### AIM OF THE EXERCISE
Reproduce exactly the lines of the material beneath, from the line that contains "水のボトルとミニタオル、ボデ" to the line that contains "子母床蚊帳下鋪專用梯形小屋蚊帳家用上下床宿捨床簾遮光上鋪蚊帳", both included, and no other lines.
**** DATASET EXTRACT
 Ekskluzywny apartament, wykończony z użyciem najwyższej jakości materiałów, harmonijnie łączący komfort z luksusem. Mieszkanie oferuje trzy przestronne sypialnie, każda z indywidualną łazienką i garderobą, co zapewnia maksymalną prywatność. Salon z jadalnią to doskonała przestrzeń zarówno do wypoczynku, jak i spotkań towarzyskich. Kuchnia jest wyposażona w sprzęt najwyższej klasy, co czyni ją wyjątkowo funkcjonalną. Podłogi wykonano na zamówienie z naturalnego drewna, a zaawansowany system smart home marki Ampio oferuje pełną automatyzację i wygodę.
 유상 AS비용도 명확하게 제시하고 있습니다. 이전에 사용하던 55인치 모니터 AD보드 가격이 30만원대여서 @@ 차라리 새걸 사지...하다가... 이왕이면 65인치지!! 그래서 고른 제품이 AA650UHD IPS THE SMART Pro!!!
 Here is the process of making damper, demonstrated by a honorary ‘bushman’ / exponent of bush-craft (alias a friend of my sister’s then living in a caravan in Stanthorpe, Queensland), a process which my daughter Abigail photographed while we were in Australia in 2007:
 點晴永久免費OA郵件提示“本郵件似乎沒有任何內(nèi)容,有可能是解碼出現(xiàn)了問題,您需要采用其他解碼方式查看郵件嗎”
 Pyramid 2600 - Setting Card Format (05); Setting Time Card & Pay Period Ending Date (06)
********
**** DATASET EXTRACT
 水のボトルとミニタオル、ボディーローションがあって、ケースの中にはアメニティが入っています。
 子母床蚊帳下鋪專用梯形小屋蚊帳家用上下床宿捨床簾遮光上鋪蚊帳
********
**** DATASET EXTRACT
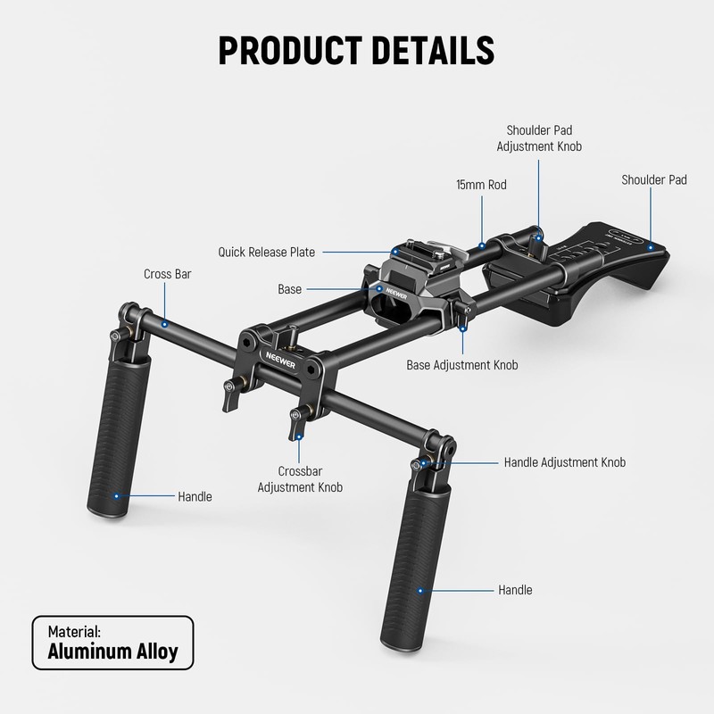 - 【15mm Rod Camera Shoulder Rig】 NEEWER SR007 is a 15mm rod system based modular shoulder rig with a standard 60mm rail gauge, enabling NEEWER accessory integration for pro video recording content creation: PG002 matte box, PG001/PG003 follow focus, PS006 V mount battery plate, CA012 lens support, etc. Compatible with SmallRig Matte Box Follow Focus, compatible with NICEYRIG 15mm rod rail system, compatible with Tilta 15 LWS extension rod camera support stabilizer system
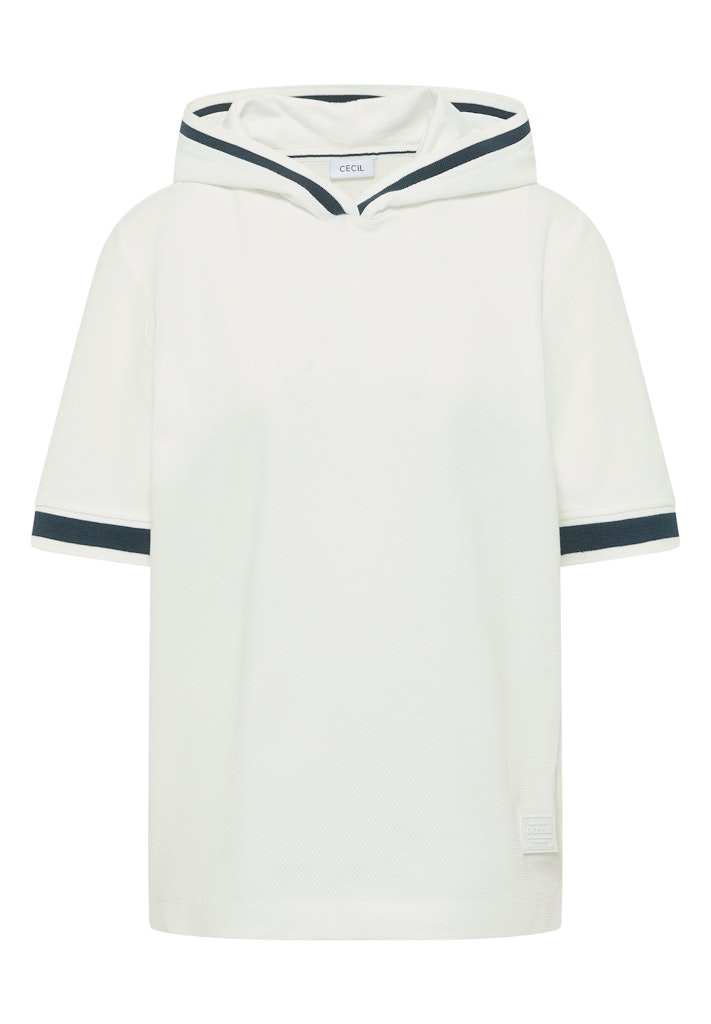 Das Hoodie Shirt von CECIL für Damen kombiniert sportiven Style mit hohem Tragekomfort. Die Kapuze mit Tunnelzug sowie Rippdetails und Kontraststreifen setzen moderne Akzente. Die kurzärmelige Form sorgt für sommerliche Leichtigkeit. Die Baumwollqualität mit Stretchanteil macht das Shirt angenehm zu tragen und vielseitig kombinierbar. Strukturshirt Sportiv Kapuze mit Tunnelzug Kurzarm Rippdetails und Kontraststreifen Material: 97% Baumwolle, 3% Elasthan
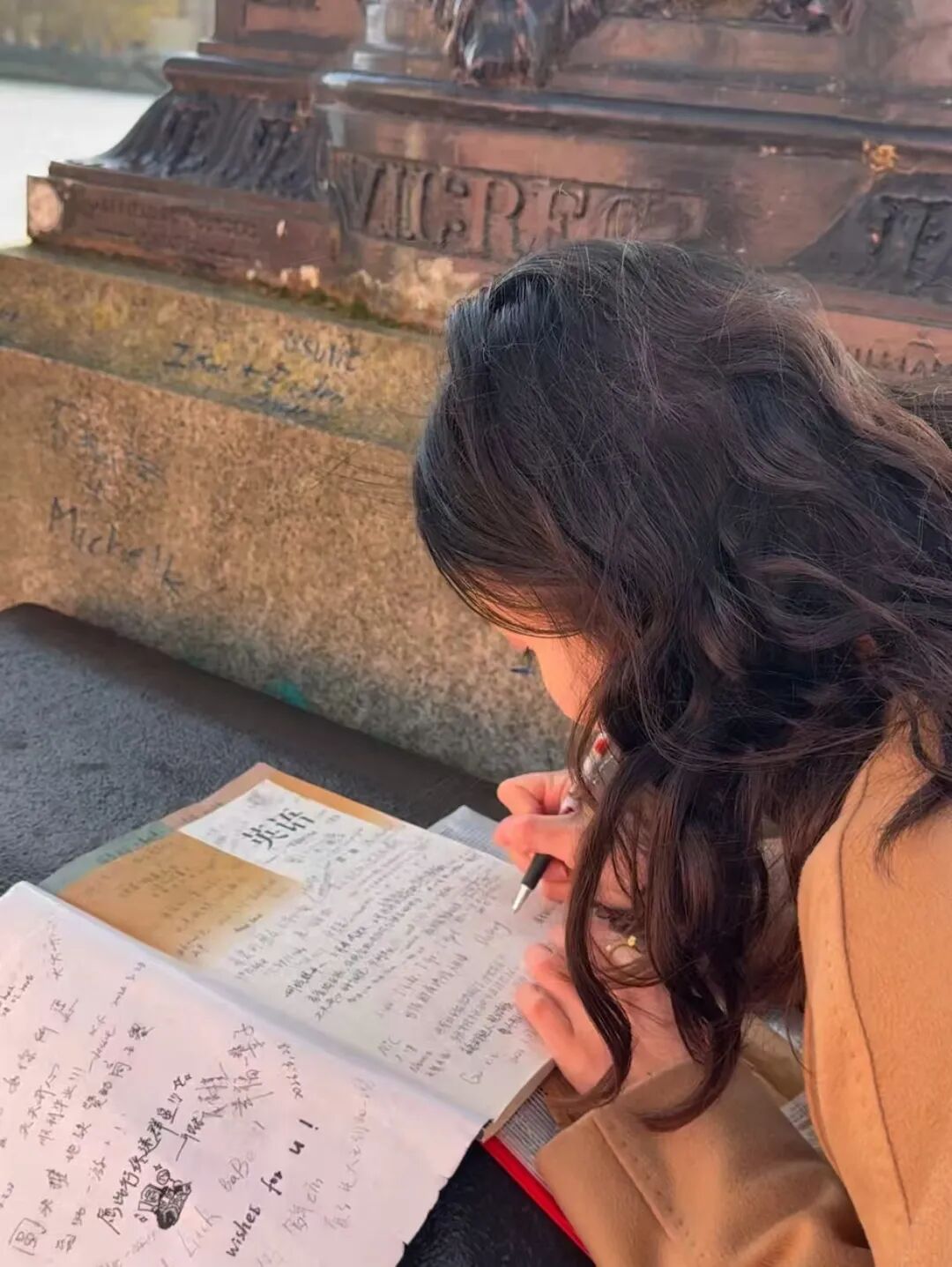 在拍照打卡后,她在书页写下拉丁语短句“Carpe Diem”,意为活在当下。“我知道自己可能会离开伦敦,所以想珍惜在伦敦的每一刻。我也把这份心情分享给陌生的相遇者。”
********
### OUTPUT OF THE TASK
 水のボトルとミニタオル、ボディーローションがあって、ケースの中にはアメニティが入っています。
 子母床蚊帳下鋪專用梯形小屋蚊帳家用上下床宿捨床簾遮光上鋪蚊帳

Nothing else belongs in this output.